The previous section framed the recommendation problem and the production constraints a planet-scale feed lives under. We now open the model itself and find that almost all of its parameters sit in two lookup tables: one row per user, one row per item. A click model, a ranking network, a two-tower retriever, whatever sits on top, consumes dense vectors fetched from these tables and contributes only a few million weights of its own. The tables, by contrast, contain billions of rows. Understanding how those rows are stored, fetched, and trained across many machines is the heart of distributed recommendation, and it is a direct, concrete instance of the parameter-server abstraction of Chapter 11. We build on that abstraction here rather than rederive it.
1. The Embedding Tables Are the Model Beginner
A recommender represents each categorical entity, a user, an item, a hashtag, a device type, as a learned dense vector. The collection of those vectors for one feature is an embedding table: a matrix with one row per distinct ID and one column per latent dimension. A user table for a billion accounts with $d = 128$ latent dimensions is a matrix of one billion rows. The total parameter count of a table with $N$ rows is $N \cdot d$, and its memory footprint, at $b$ bytes per element, is
$$\text{table bytes} = N \cdot d \cdot b.$$The numbers are not subtle.
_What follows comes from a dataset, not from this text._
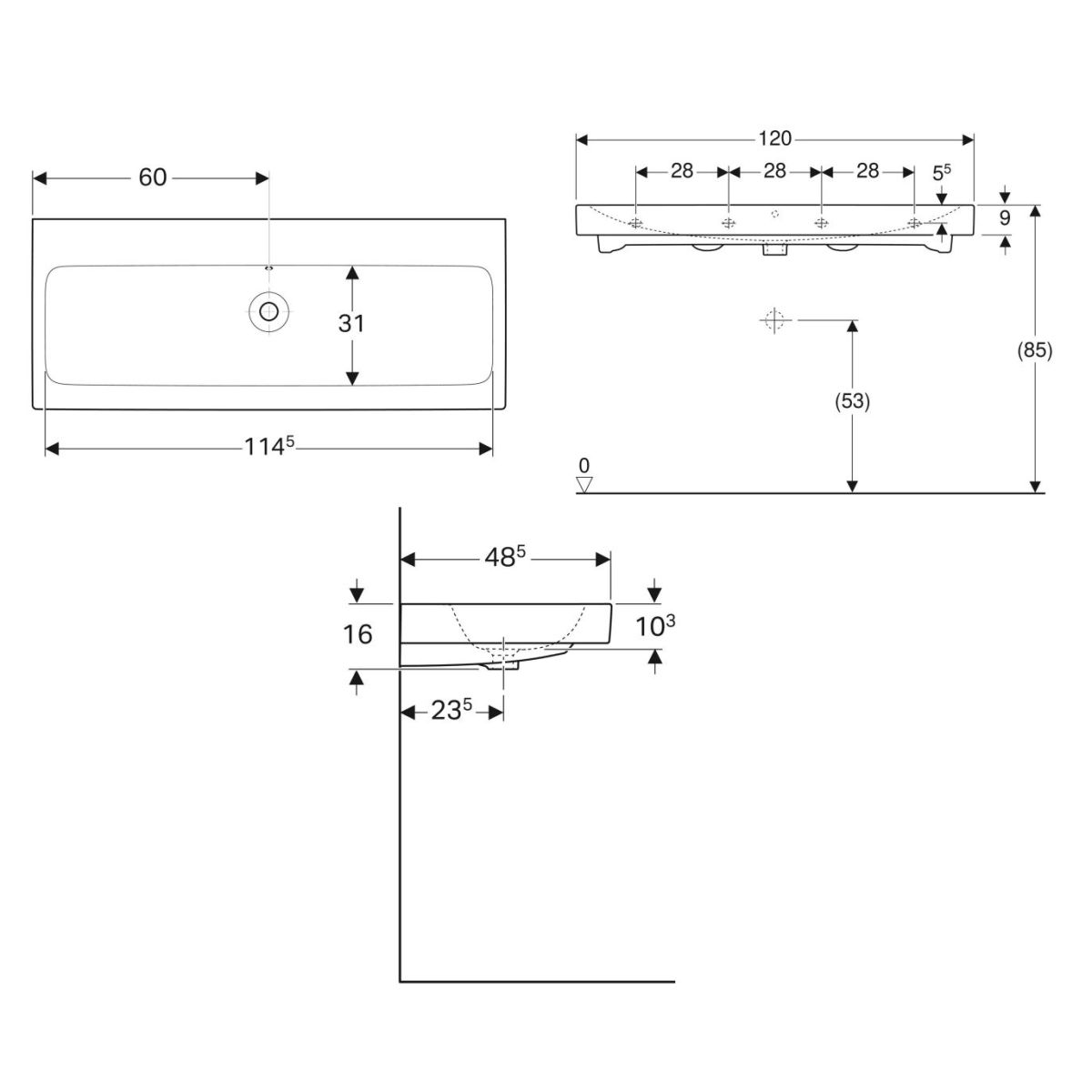 Geberit iCon Waschbecken 120x48 cm rechteckig Möbel weiß 124025600

With $N = 2 \times 10^{9}$ rows, $d = 128$, and single-precision storage ($b = 4$), one table occupies $2 \times 10^{9} \cdot 128 \cdot 4 \approx 1.0 \times 10^{12}$ bytes, about a terabyte, before we add a single item table, optimizer state, or a second feature. Industrial systems carry dozens of such tables and routinely reach tens of terabytes of embeddings. No accelerator holds that; the largest single-host memory is two orders of magnitude too small. The model is sharded not as an optimization but because it physically cannot be otherwise, which is exactly the regime Chapter 16 calls model-parallel, here arriving for the simplest possible reason: the parameters do not fit.
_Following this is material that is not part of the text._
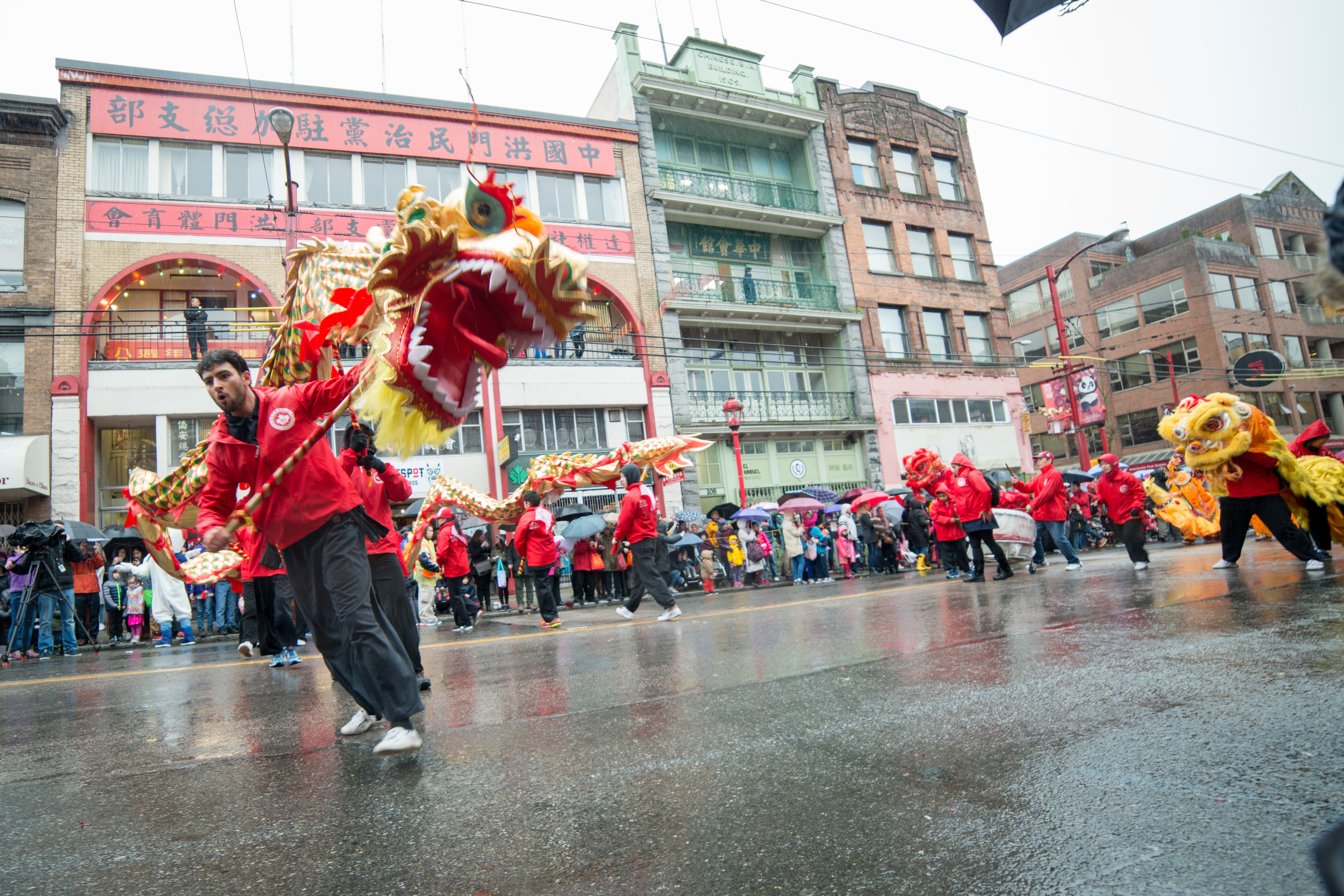 | Tag: | parade, rain, dragon, Vancouver Chinatown, wet road |

A recommender inverts the usual deep-learning intuition. In a language model nearly all parameters are dense matrices multiplied on every token. In a recommender the dense network is megabytes and replicates onto every worker, while the embedding tables are terabytes and must be partitioned. Each forward pass reads only the few rows the current request mentions, so the tables are enormous but accessed sparsely. That asymmetry, a vast sparsely-read parameter store plus a small densely-read network, is the defining shape of the model and dictates the entire distribution strategy: shard the sparse part across many hosts, replicate the dense part everywhere.
2. Sharding the Table by ID Hash Intermediate
To spread a table across $S$ parameter servers we assign each row to a shard. The standard choice is hash partitioning of the ID: shard $s(\text{id}) = h(\text{id}) \bmod S$ for some hash $h$. Hashing, rather than range partitioning by ID, matters because IDs are not random; sequential or time-correlated IDs would pile recent, active accounts onto one shard. A good hash scatters them, so each shard holds roughly $N / S$ rows and the storage cost per shard is
$$\text{shard bytes} \approx \frac{N \cdot d \cdot b}{S}.$$With the terabyte table above split across $S = 64$ servers, each holds about 16 gigabytes, comfortably in host memory. This is the same push-pull sharded parameter store of Chapter 11, specialized to the case where the parameters are an addressable table and the "key" is an integer ID. Figure 38.2.1 shows the layout: one logical table, physically scattered as disjoint row sets across servers, with a single request reaching into several of them at once.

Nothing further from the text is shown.